Cooperation in biofilms
“(O)ur theory predicts for clones a complete absence of any form of competition which is not to the overall advantage and also the highest degree of mutual altruism. This is borne out well enough by the behaviour of the clones which make up the bodies of multicellular organisms. However, when we consider populations of free-living asexual organisms there appears to be a discrepancy in that competitive adaptation is hardly less conspicuous than it is for most wholly sexual populations and altruism if it exists, is not easily detected.” -William Hamilton, 1964
Recent decades have seen a dramatic increase in our knowledge of the profound degrees of communication, coordination, and cooperation in bacterial communities, particularly biofilm communities. The ubiquity of the biofilm mode of life in nature, and of the general biofilm strategy across the diversity of microbial life, suggests that some degree of cooperation is likely the rule, rather than the exception, in what were previously believed to be the very simplest organisms.
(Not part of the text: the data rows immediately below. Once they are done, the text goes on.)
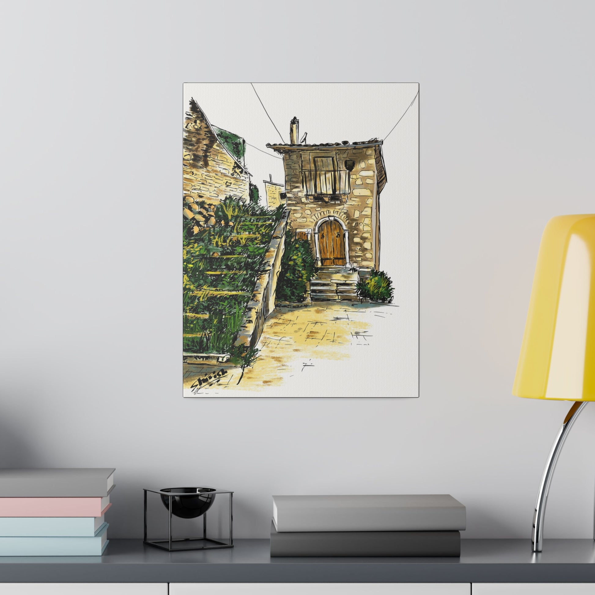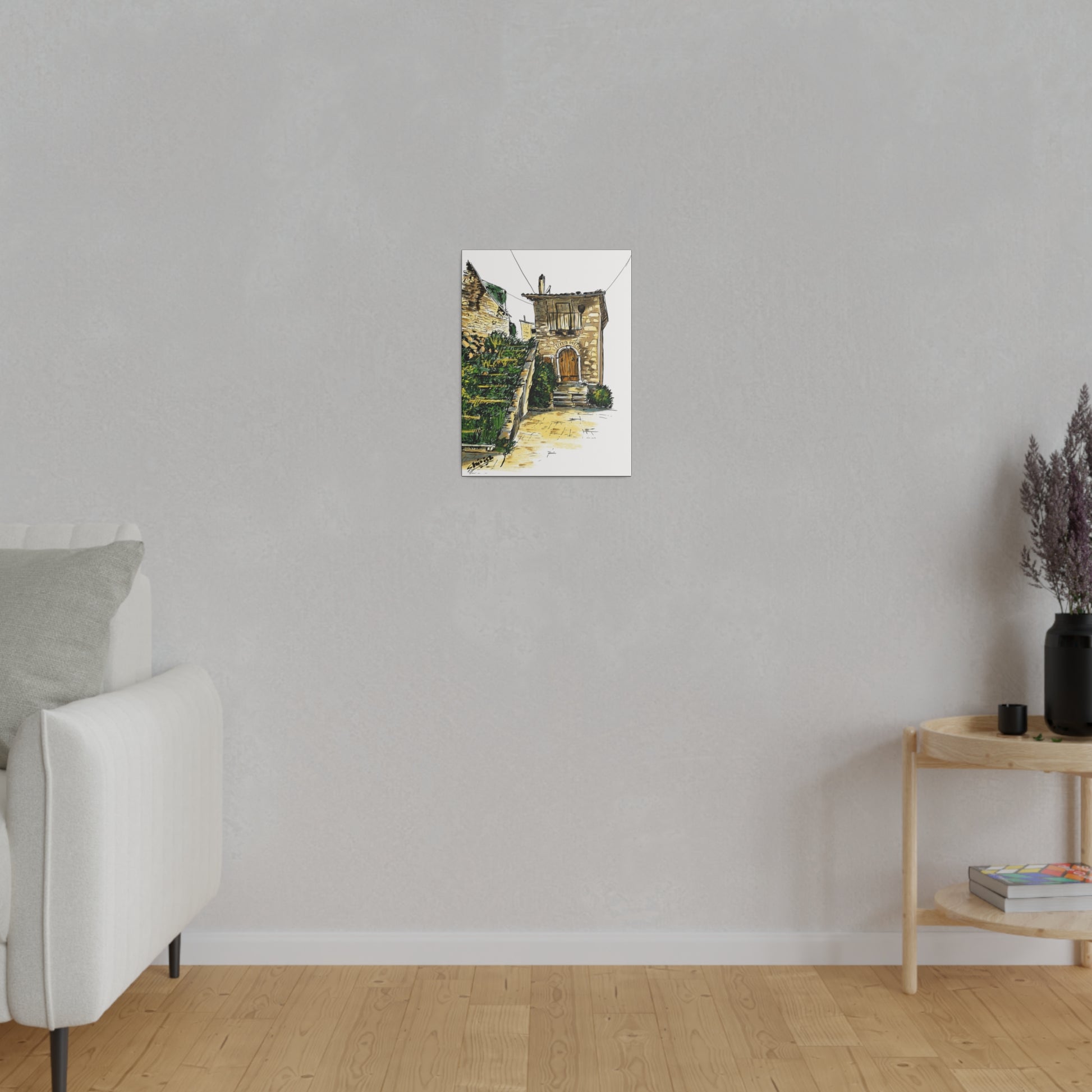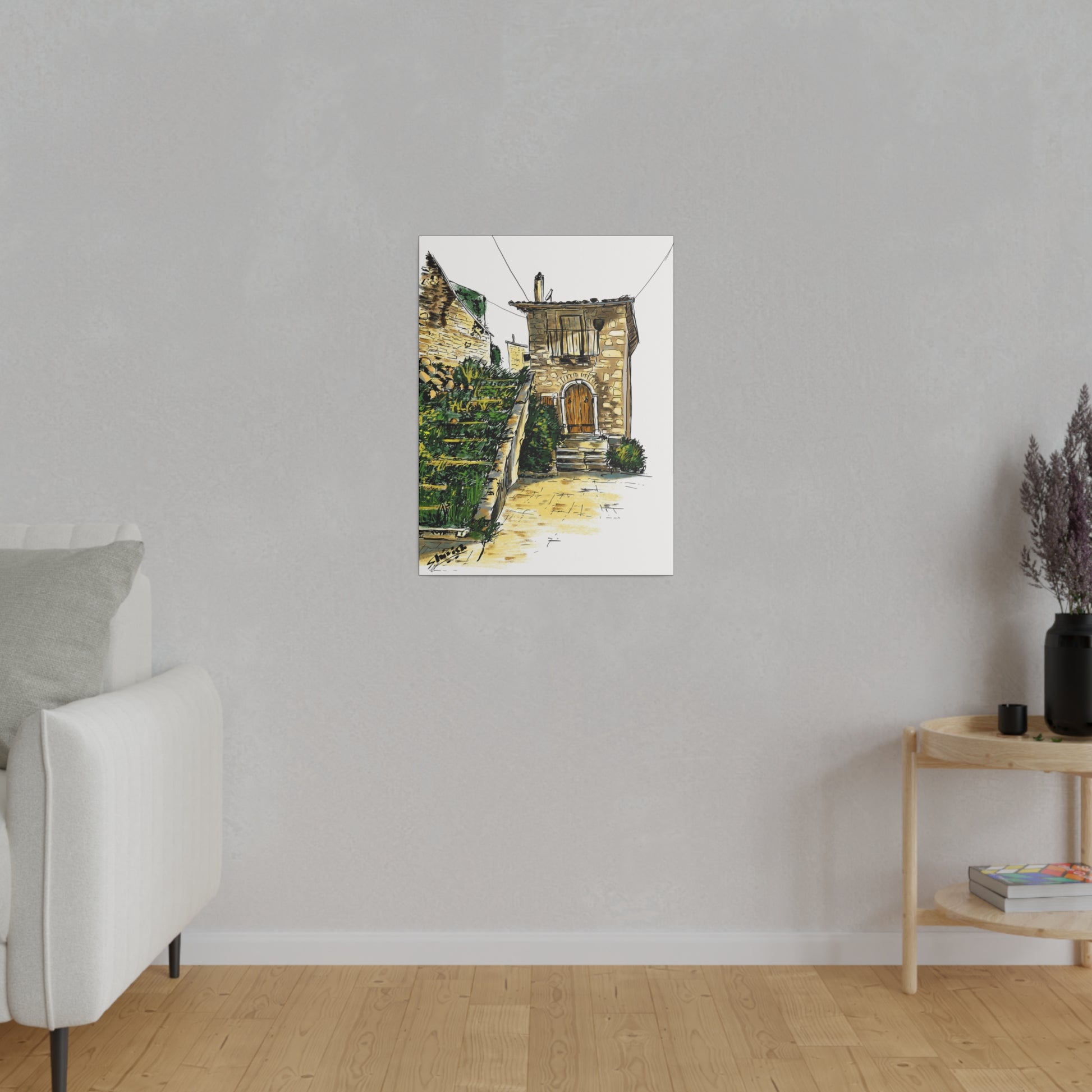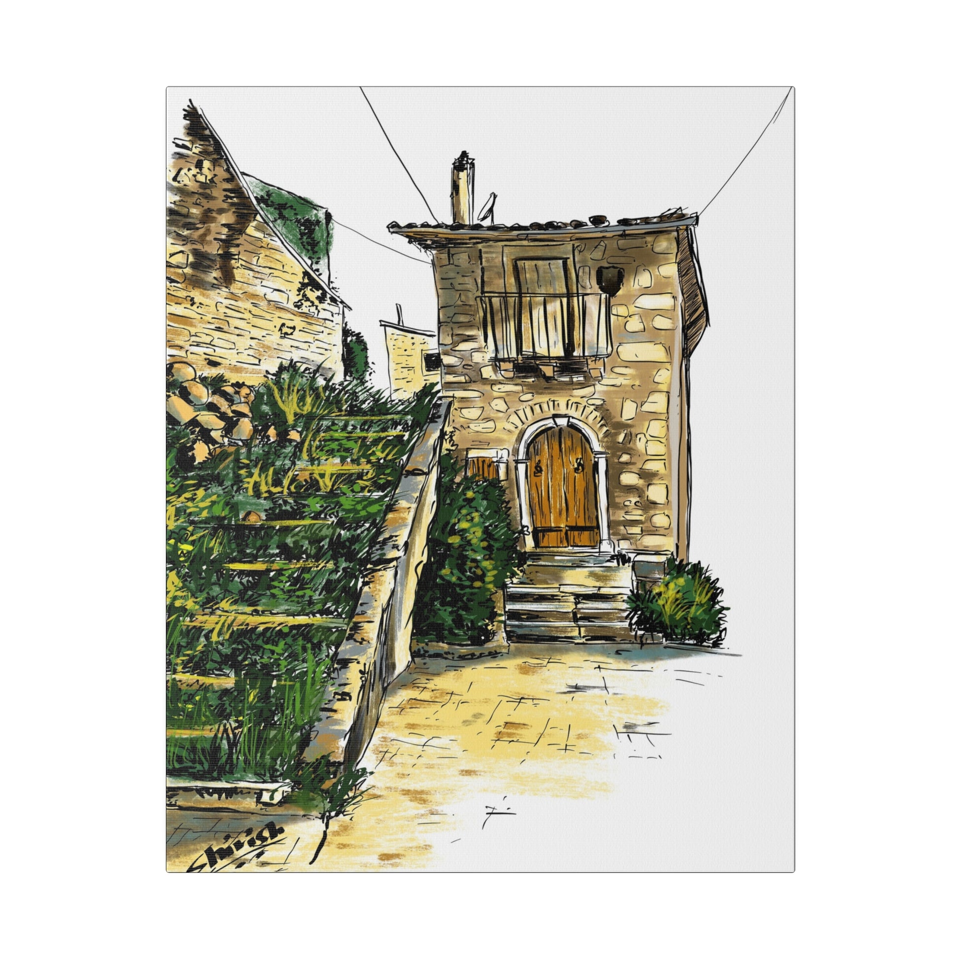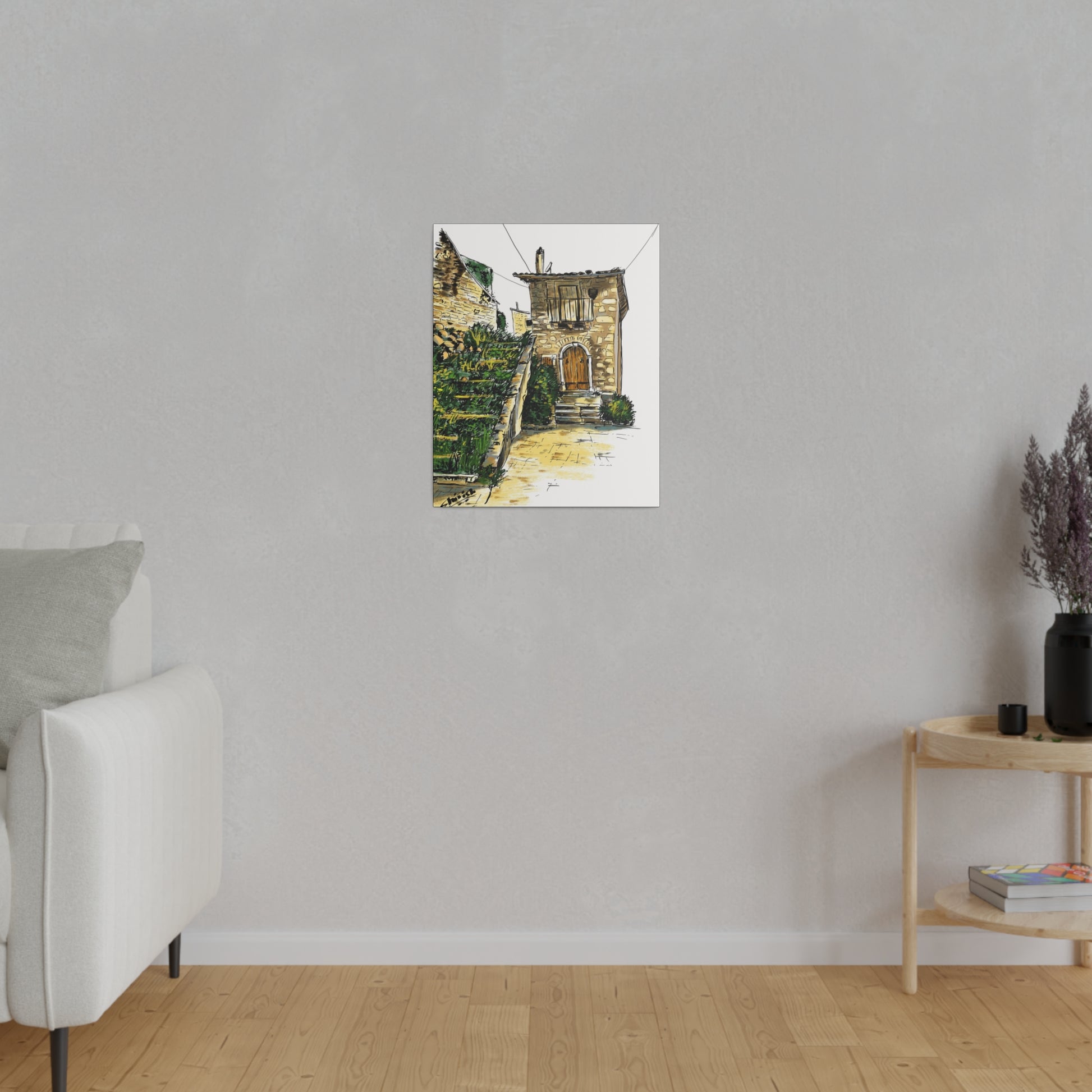 Embark on a journey through time with this captivating canvas print. A flight of stone stairs, overgrown with lush green weeds, beckons you towards an ancient town steeped in history. Flanked by crumbling old stone buildings exuding rustic charm, this scene transports you to a bygone era where every step holds the secrets of the past. Let the enchanting allure of this artwork adorn your space and ignite your imagination.
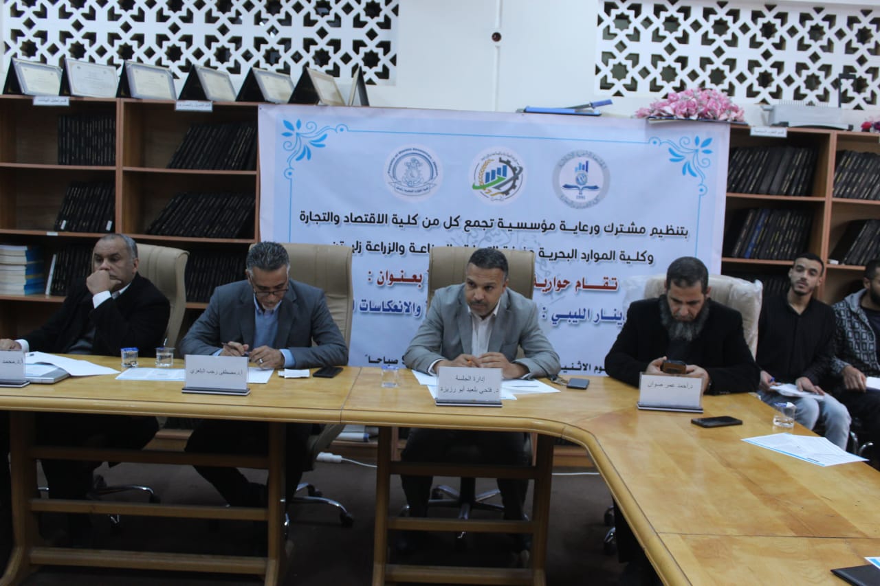 والتي نظمتها كلية الاقتصاد والتجارة بالتعاون مع كلية الموارد البحرية، وبرعاية غرفة التجارة والصناعة والزراعة زليتن، وذلك في ظل ما يعيشه الاقتصاد الليبي من تحديات انعكست بشكل مباشر على قيمة الدينار الليبي ومستوى معيشة المواطنين.
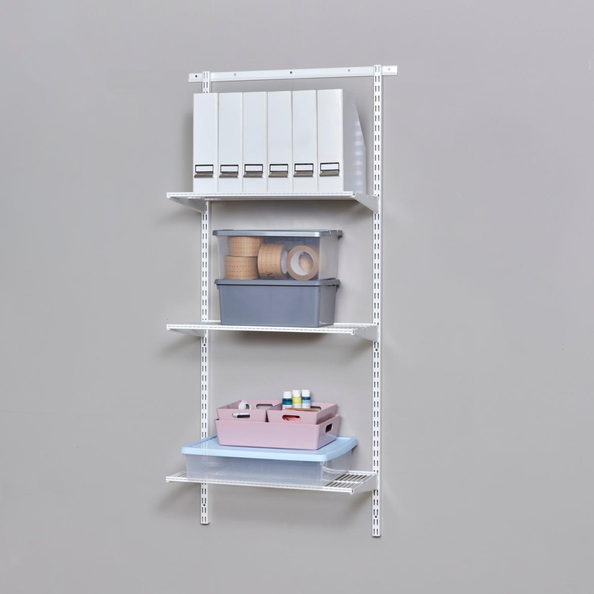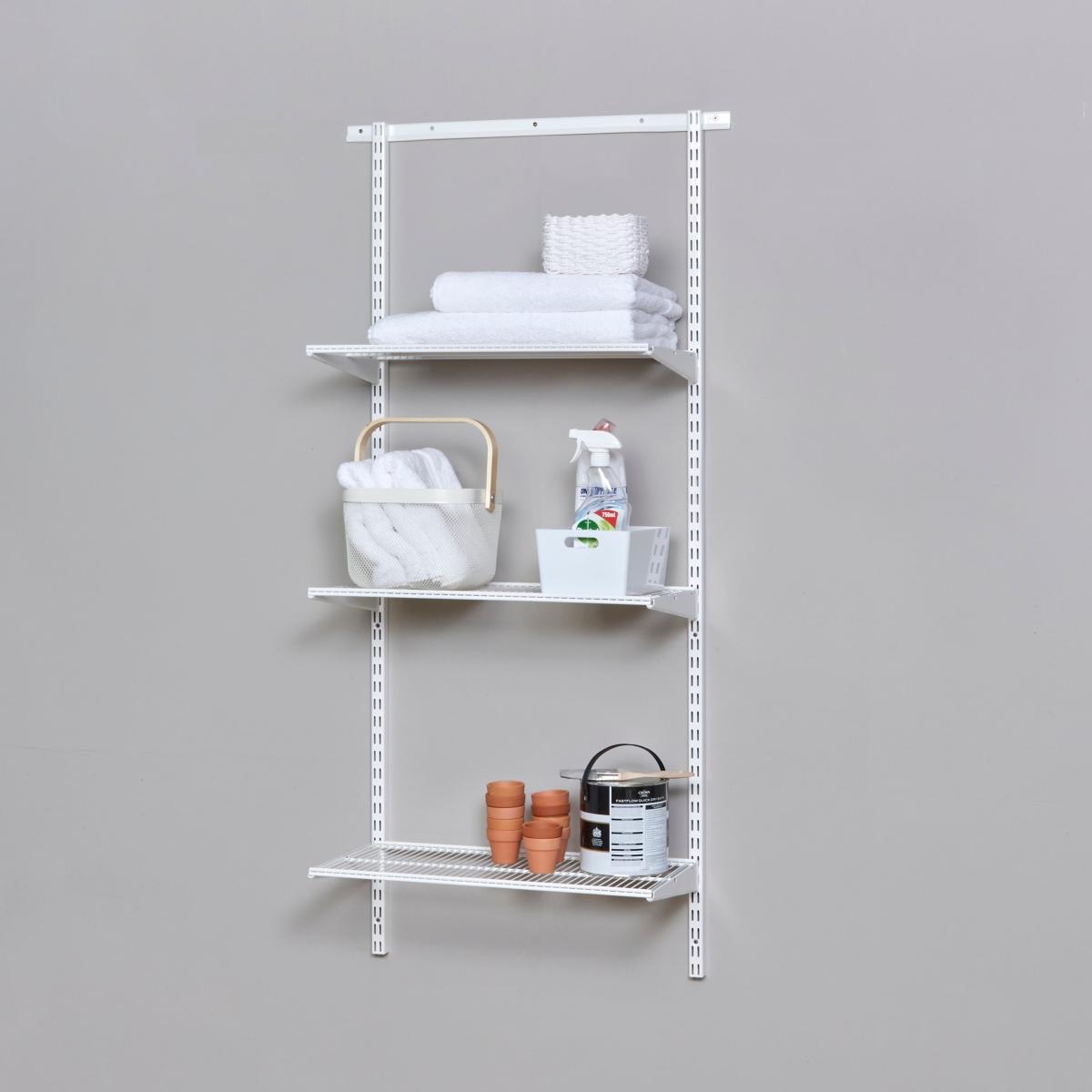 Short on time and storage space? Look no further. Easy to install, minimalistic look, customisable modular storage, and no more clutter - what more could you ask for! This pre-packed starter kit offers a one-click solution to quickly solve your storage needs. Designed as a modular shelving unit, you can use this alone, pop a couple units side by side, futher add and customise them, or use it as the foundation to build your bespoke Elfa solution for your space. Including all the components you need, all that's left for you to do is pop a couple screws in the wall and start clearing your clutter!.
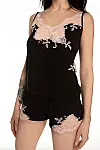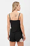 Приталений топ має тонкі регульовані бретелі, що дозволяють ідеально підігнати посадку. Шорти із вшитою резинкою забезпечують комфортну посадку на талії.
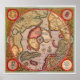 Vintage illustration antique world map featuring a view from the North Pole including the Arctic Circle, ocean and surrounding continents. By cartographer Gerardus Mercator, 1595.
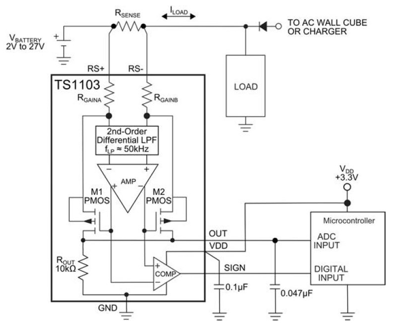 The SOT23 package makes the TS1103 an ideal choice for pcb-area-critical, supply-current-sensitive, high-accuracy current-sense applications in all battery-powered and portable instruments. All TS1103s are specified for operation over the -40°C to 105°C extended temperature range.
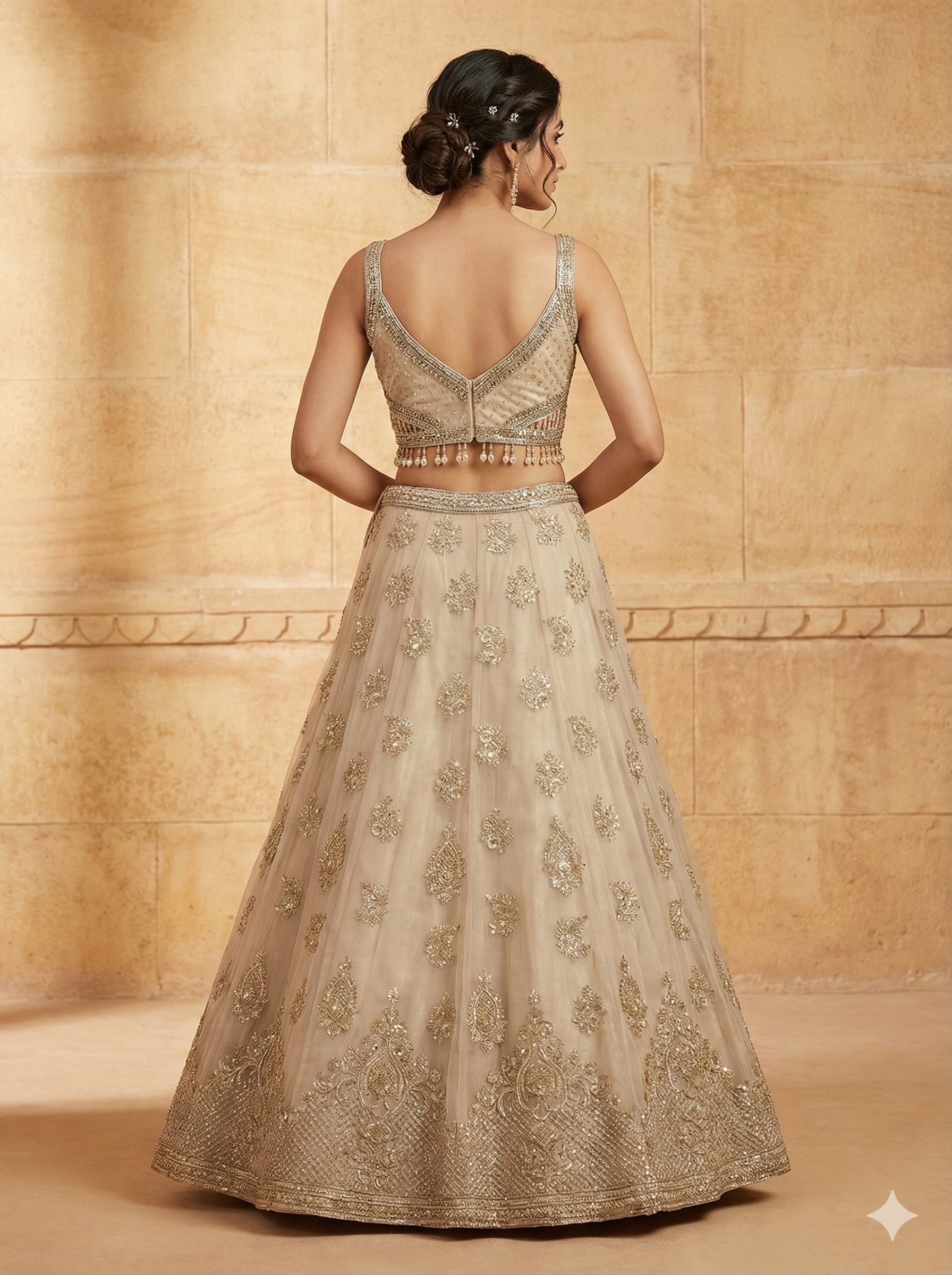 Radiate ethereal beauty in this champagne gold lehenga, meticulously crafted from layers of fine tulle. The set features a sweetheart-neckline blouse adorned with dense gold zari and a delicate beaded fringe hem. The voluminous skirt is covered in intricate floral buttis and finished with a heavy, scalloped metallic border, while a matching sheer dupatta with gold embroidery completes this regal, high-shine silhouette.
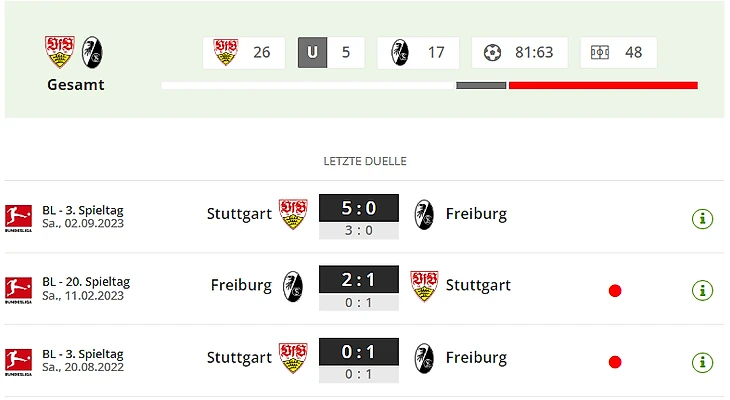 - «Фрайбург» не проиграл в семи домашних матчах и проиграл только одну из девяти игр на глазах у своих фанатов дома (пять побед, три ничьи).

It is interesting, from this historical perspective, that Hamilton (quoted above) took such great pains in the second half of his seminal 1964 work to try to explain what was at the time believed to be a lack of cooperation among microbes.
My work has included theoretical and empirical approaches to understanding the interplay between diffusion rates, neighborhood size, and the evolution of the production of extracellular, beneficial metabolites in bacteria.
A 3D reconstruction of a developing biofilm comprised of Pseudomonas chlororaphis strain 30-84 wild type (red) and a gacA regulatory mutant (green).
Driscoll, W.W., Pepper, J.W., Pierson, L.S., and Pierson, E.A. (2011) Applied and environmental microbiology 20: (TBD).
Driscoll, W.W. and Pepper, J.W. (2010) Evolution 64: 2682-2687.